The tickle of curiosity. The gasp of discovery. Fingers running across the keyboard.

The tickle of curiosity. The gasp of discovery. Fingers running across the keyboard.

The World of Iniquus - Action Adventure Romance

Tuesday, May 3, 2022

Jack Higgins—Genre Giant

 

On April 9, 2022 Jack Higgins, (born Henry Patterson) died. His novel, The Eagle has Landed, cut the trail for the modern historical thriller and revitalized the larger thriller genre. His successive books would dominate the thriller shelf for decades. 

 

Born in England, Higgins was raised in Northern Ireland, during the armed-camp years leading up to the Troubles, (the Northern Ireland Conflict). The siege atmosphere and hostility would inform his writing. Indeed, Higgins would take his nom de plume from his uncle Jack Higgins, a militant Orangeman. In interviews, Higgins recounted watching his uncle unpack and lock away three handguns every time he came home.

 

But as much as sectarian strife stoked his imagination, it was the isolation (his father abandoning mother and child would have shamed the family) influenced his reading. Indeed, young Higgins read everything he could find in his grandparent’s home. His love of reading would remain the one constant in his life. 

 

Writing was a near-constant and like many writers, Higgins fumbled with one job or another—soldier, truck driver, and teacher—until he found his way to his true vocation. He published his first novel in 1959 and found modest success with compact thrillers stocked with world-weary protagonists, as was the standard for post-war genre fiction. 

 

Higgins wrote under no less than four pen names. The names were more than affectation. He was highly productive, often publishing four books a year. 

 

But in 1975, Higgins struck gold with The Eagle has Landed. The story of Nazi commandos, an IRA poet-turned-killer named Devlin, and a desperate plan to kidnap Churchill, TEhL captured imaginations around the world. 

 

“How successful was it?” You ask? Higgins fled England (and English taxes) after making £1mm, (about $11mm in 2022 USD) in the first year of publication. That was before the 1976 movie.

 

It’s easy to nod in approval of the “eventual” success of such a prolific penman. But TEhL was Higgins’ 36th book. And it bears mentioning that in the jaded years at the tail end of the Vietnam war, TEhL was an improbable—Dad’s war—success. 

 

With the mold cast, Higgins could’ve insured a lucrative industry by simply churning out TEhL clones.

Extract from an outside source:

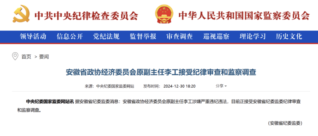 近日,中央纪委国家监委官网通报,安徽省政协经济委员会原副主任李工因涉嫌严重违纪违法,正在接受安徽省纪委监委的纪律审查和监察调查。
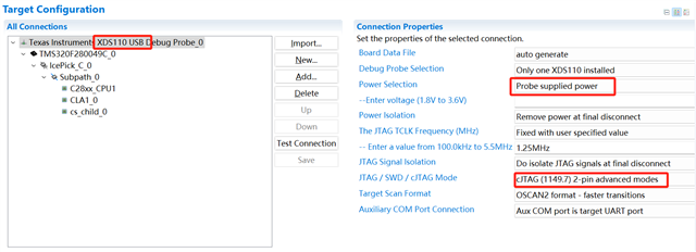 现在想利用XDS110为目标板供电,不外接电源。XDS110配置如下:

Instead, he explored themes that interested him: Cold War intrigue, political assassination, and the enduring legacy of the Troubles. Improbably he wrote Irish Catholic antagonists. Improbable as he was protestant English, raised in a staunchly loyalist household. 

 

An admirer of Wole Soyinka, and fiercely iconoclastic, Higgins viewed both, the Church of Rome and the Church of England, as morally bankrupt and oppressive. Higgins sought out dramatic characters that readers would empathize with. 

 

“My goal was to write books that made money,” Jack Higgins

 

Liam Devlin, Irish Republican Army gunman-cum-paladin, helmed several of Higgins’ works.  Devlin remains Higgins’ most popular character. Sean Dillion, Devlin’s protege and spiritual successor, is probably a close second. Higgins’ care in writing the “other” resulted in many Irish Catholics (and quite a few American Catholics) believing that Higgins was catholic himself. 

 

Yet Higgin’s most enduring legacy may be the long line of writers who’s books succeeded based in no small part for the success of TEhL. Ken Follet, Frederick Forsyth, and W.E.B. Griffin immediately springs to mind. However, Robert Ludlum, David Baldacci, and even Vince Flynn owe a HUGE debt to the road paved by Higgins’ wealth of work.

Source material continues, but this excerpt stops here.